Eu e os mais de 12 mil genuínos alvinegros que compareceram ao mais moderno do Brasil esperávamos uma batalha campal de 90 minutos. E foi. Êta time enjoado esse do Barueri! E olha que eles não recebem há dois meses. Começamos dando a impressão de que mataríamos logo o jogo, com LF arriscando de fora da área duas vezes antes dos 5’ de jogo. Mas logo o Barueri mostrou que é organizado e sabe o que faz em campo. Equilibraram e exigiram duas difíceis defesas de Castillo. Juninho não era incisivo nos chutes de longa distância, mas coube a ele o cruzamento na cabeça de Batista, que testou firme. Renê deu rebote e André Lima mostrou o faro de artilheiro: 1x0 Fogão.
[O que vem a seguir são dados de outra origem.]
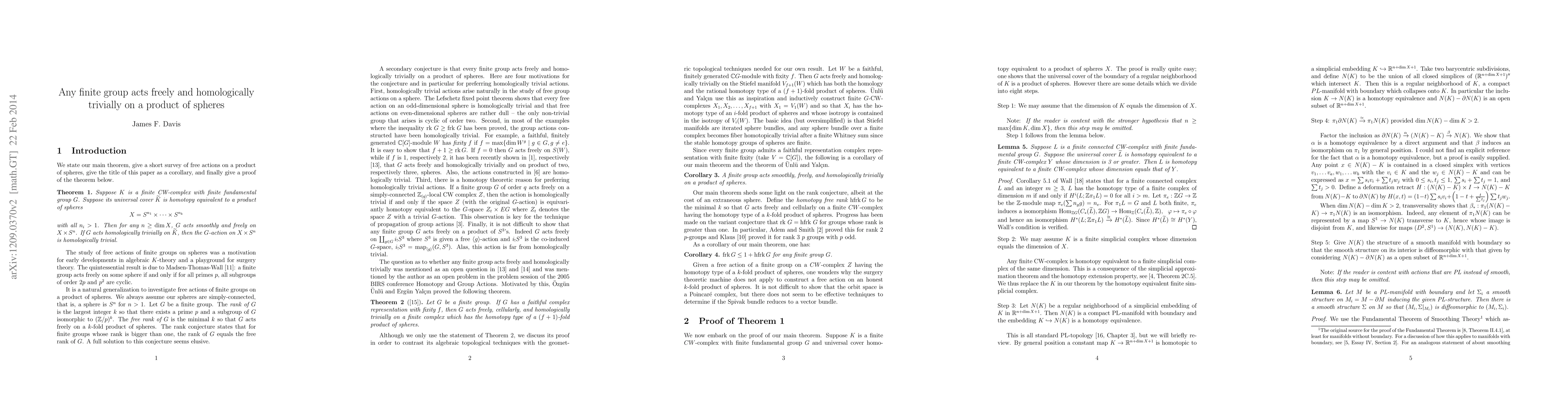 Summary: The paper proves that any finite group G, given a finite CW complex K with G as its fundamental group and a universal cover homotopy equivalent to a product of spheres, can act smoothly and freely on a product X x S^n for sufficiently large n, while maintaining a homologically trivial action if it is trivial on the universal cover.
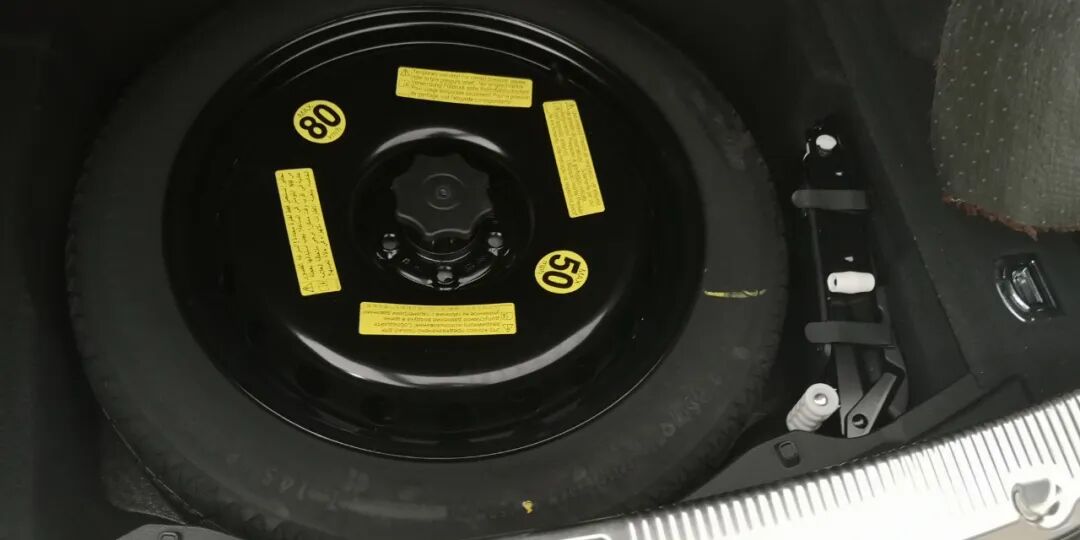 检查轮胎,四条轮胎以及备胎都是原车胎,日期匹配,品牌匹配,磨损和公里数匹配。
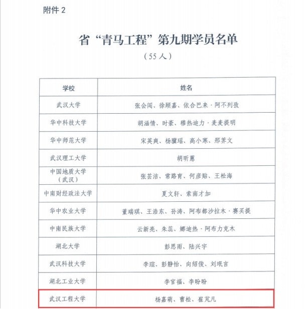 (通讯员 章文杰)近日,共青团湖北省委公布了湖北省第九期青年马克思主义者培养工程名单,公司2020级法学02班崔芃凡同学成功入选。
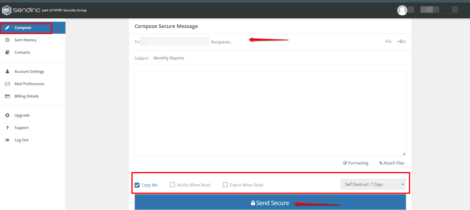 Input the recipient's name and subject, draft the email, and click "Attach Files" if needed. With a Pro or Corporate account, you can choose to have the message expire once it is read and to receive a notification when it is read. You can also adjust the self-destruct duration. Finally, click "Send Secure" when finished. Afterwards, you'll receive a prompt confirming the successful message delivery.
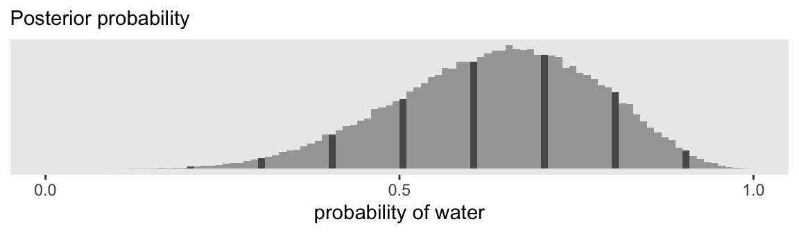 In Figure 3.7, McElreath considered the longest sequence of the sample values. We’ve been using rbinom() with the size argument set to 9 for our simulations. E.g.,
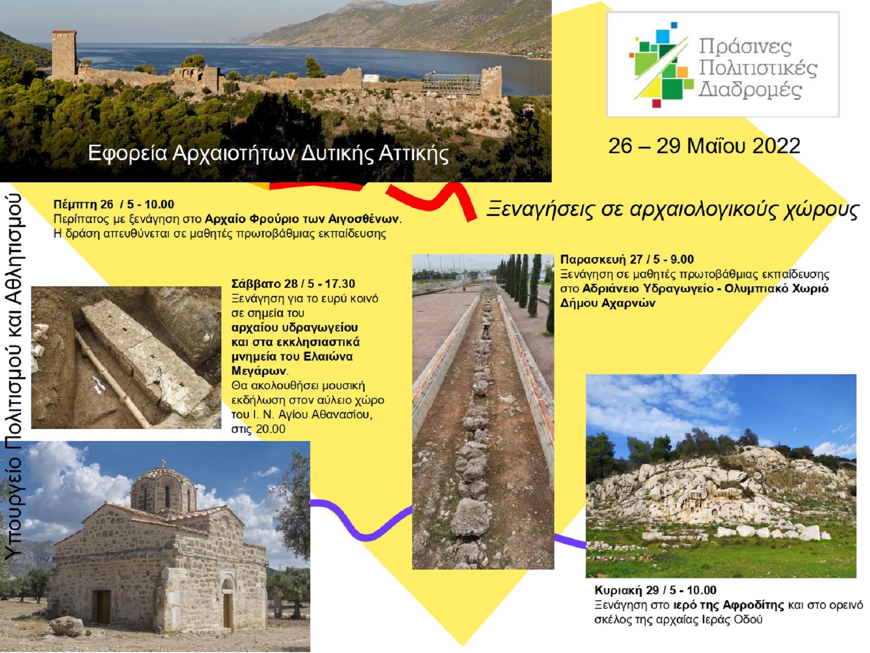 Η Εφορεία Αρχαιοτήτων Δυτικής Αττικής, στο πλαίσιο της επικοινωνιακής δράσης «ΠράσινεςΠολιτιστικές Διαδρομές 2022» στις 26 -29 Μαΐου 2022, διοργανώνει τις εξής δράσεις:
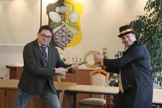 Bürgermeister Mirko Geißler und Chris Rößner (v. l.) im Kampf um den Rathausschlüssel.
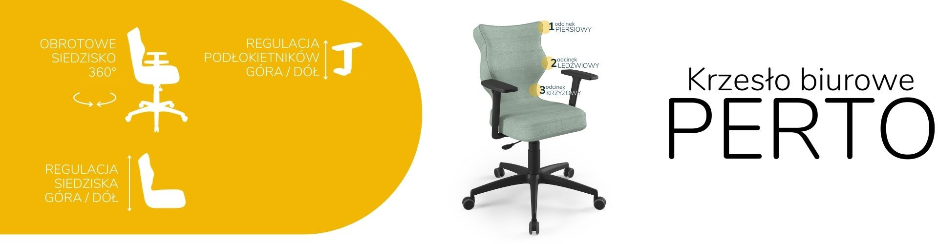 Moderní židle Perto Black je praktické a elegantní řešení přizpůsobené potřebám moderní kanceláře. Při dlouhé práci vsedě jsou velmi důležité správné podmínky. Optimální držení těla je naprosto zásadní, ale důležité jsou také otázky, jako je vzdálenost od monitoru a časté změny polohy. Černá kancelářská židle Perto, kterou nabízíme, vám umožní efektivně se postarat o všechny tři aspekty najednou. Tím se zvyšuje naše výkonnost a výrazně se snižují negativní účinky sedavého zaměstnání. Kancelářská židle na kolečkách také řeší organizační problémy spojené s uspořádáním a změnou uspořádání prostoru v kanceláři. Můžeme je snadno přemístit nebo přesunout do nižšího či vyššího patra. Nebude nás to stát příliš mnoho úsilí, protože černá kancelářská židle, kterou jsme navrhli, je velmi lehká.
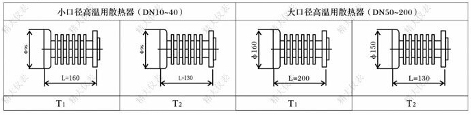 型號(hào)中出現(xiàn)T2為高溫流量計(jì),用于60-120℃帶發(fā)信器,配置短性散熱器。
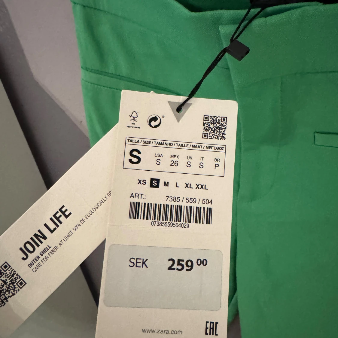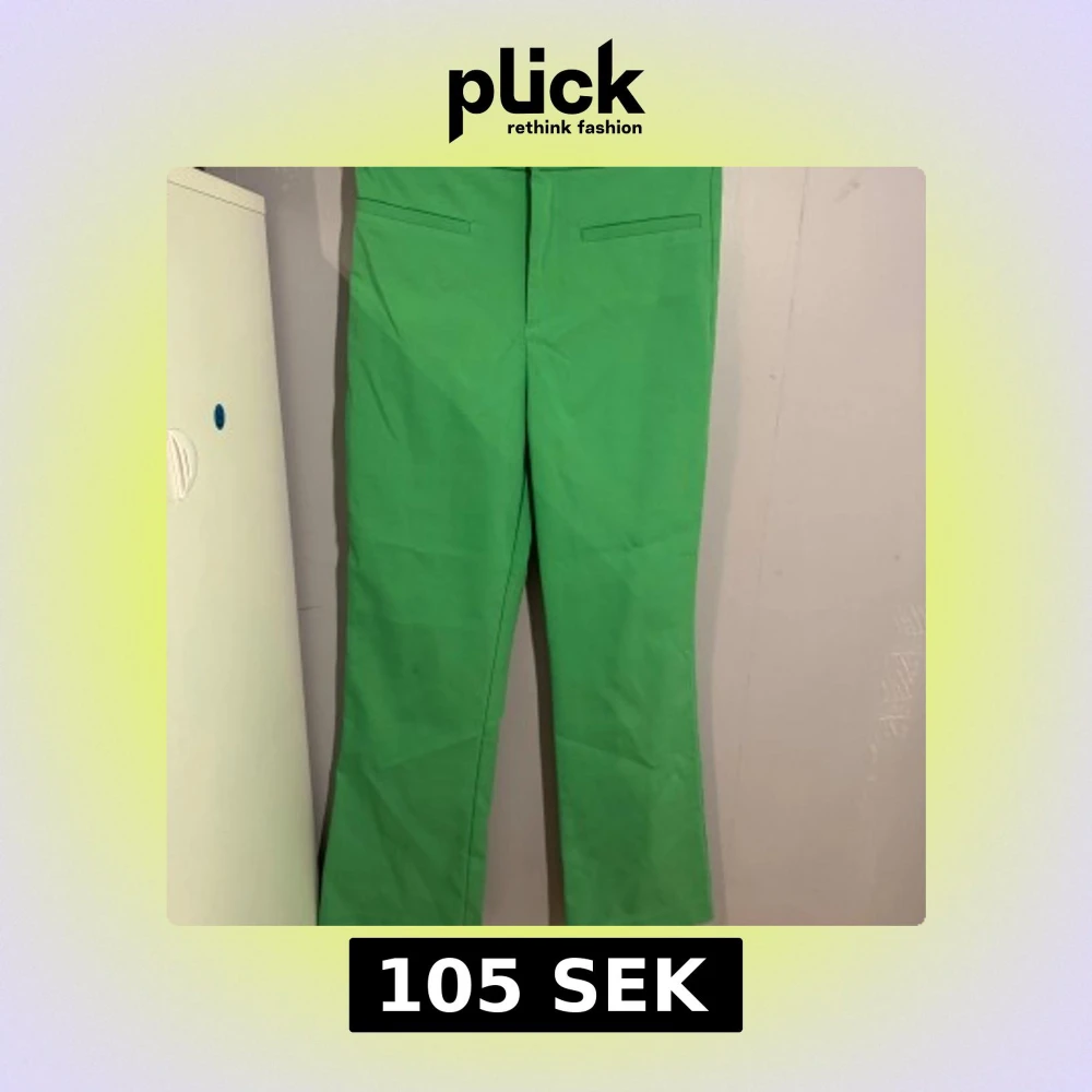 Snygga gröna kostymbyxor från Zara i storlek S. Byxorna har raka ben, diskreta fickor fram och är tillverkade i ett mjukt material med stretch. Perfekta för dig som vill sticka ut med färg och stil. Sitter tajt och formar kroppens former men på ett bekvämt sätt då de har mycket stretch. För bild på, skiivka ett meddelande
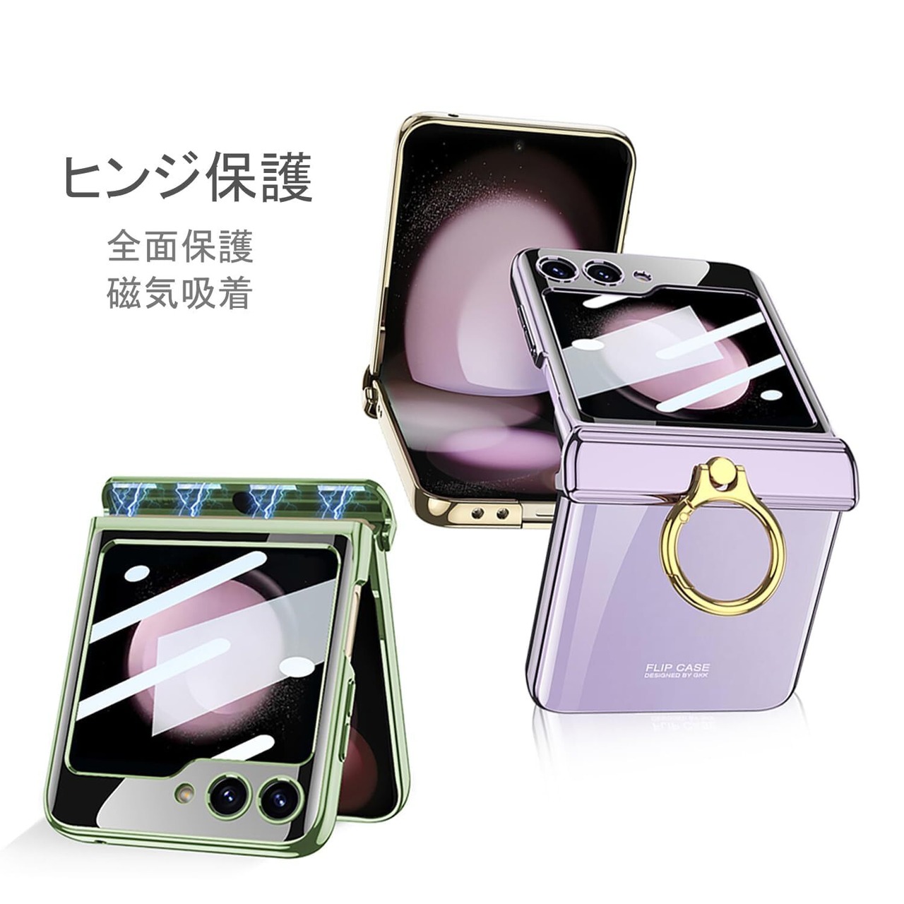 【在庫セール】Galaxy Z Flip5 クリア ケース ヒンジ保護 Samsung ギャラクシーZ フリップ5 用 カバー リング付き スタンド機能 Uovon スマホケース 背面に保護フィルム付き ストラップ穴付き メッキ 超軽量 超薄型 おしゃれ · グリーン
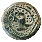 Head of Hercules, covered with lion skin and a club on the left shoulder, to left, External legend
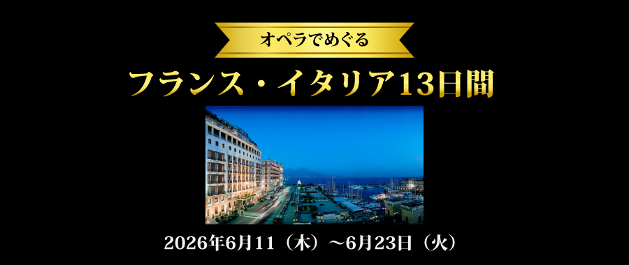 | ツアー概要 | フランスとイタリアそれぞれに5泊して、主にイタリア・オペラをお聴きいただきます。すべての都市で劇場へ徒歩圏にあるホテルをご用意し、ゆっくり訪れる機会が少ないリヨンとナポリでは2日間滞在して市内と近郊の名所もご案内します。 美食の街リヨンでのミシュラン2つ星レストランでの昼食、ナポリの最高級ホテルの海側の部屋での2泊の滞在など魅力満載の旅行です。 |
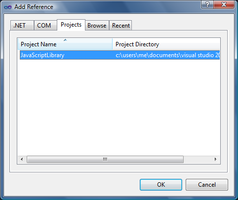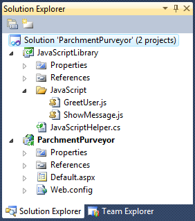 现在我们有了可用的类,接下在让我们在Default.aspx页面中试用它。首先在站点ParchmentPurveyor中添加对JavaScriptLibrary的引用:
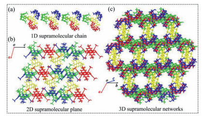 | Fig. 2. Crystal structures of RB@(SC4A)3: (a) 1D molecular chain; (b) 2D supramolecular plane; (c) 3D supramolecular networks. | |
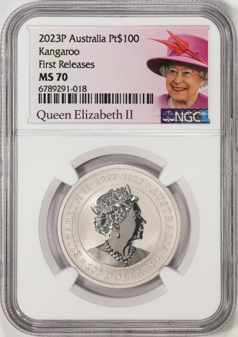 One 2023P Australia $100 Kangaroo 1oz Platinum Coin NGC MS70 First Releases. NGC Certified.
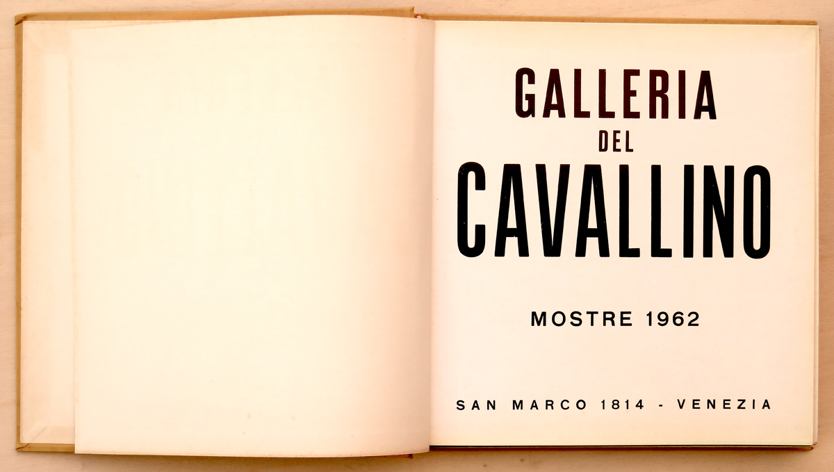 Raccolta di cataloghi originali, rilegati editorialmente, pubblicati in occasione delle mostre allestite presso la Galleria del Cavallino, Venezia, dal 10 Gennaio 1962 al 7 Gennaio 1963 (dalla 516a alla 546a Mostra)
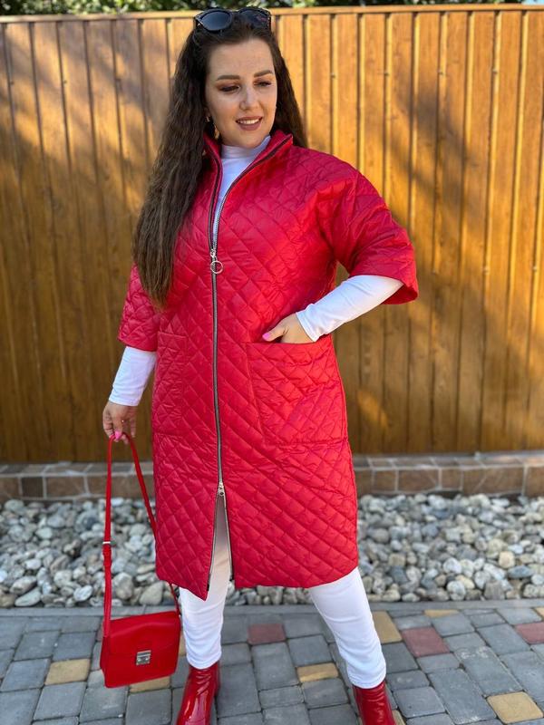 Пальто Модель 133VL Ціна: 1400грн Тканина: стьогана плащівка на синтепоні ( щільність 100-ка), підкладка. Візерунок : РОМБ Кольори: хакі, червоний, синій, капучіно, чорний, білий( до 62-го) Розміри : від 48 до 68 Наявність уточнюйте
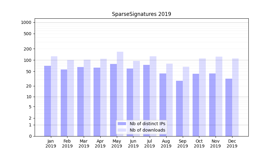 SparseSignatures_2019_stats.tab| Month | Nb of distinct IPs | Nb of downloads |
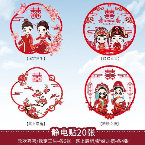 Happy-word static sticker to buy 20 sheets of sending 20 pieces of wedding celebration items Wedding Happy Character Glass Windows Flowers Delight

Faltavam 9 minutos para o fim da etapa inicial. E o Barueri achou o seu gol aos 44’. Fernandinho brincou com Guerreiro e rolou para Marcio Careca fuzilar Castillo. 1x1. A velha pulguinha se instala em nossas orelhas: outro gol no final é dose! Mas pelo menos não era no fim do jogo, e sim de uma etapa. Prenúncio então de boa sorte? O tempo final nos diria.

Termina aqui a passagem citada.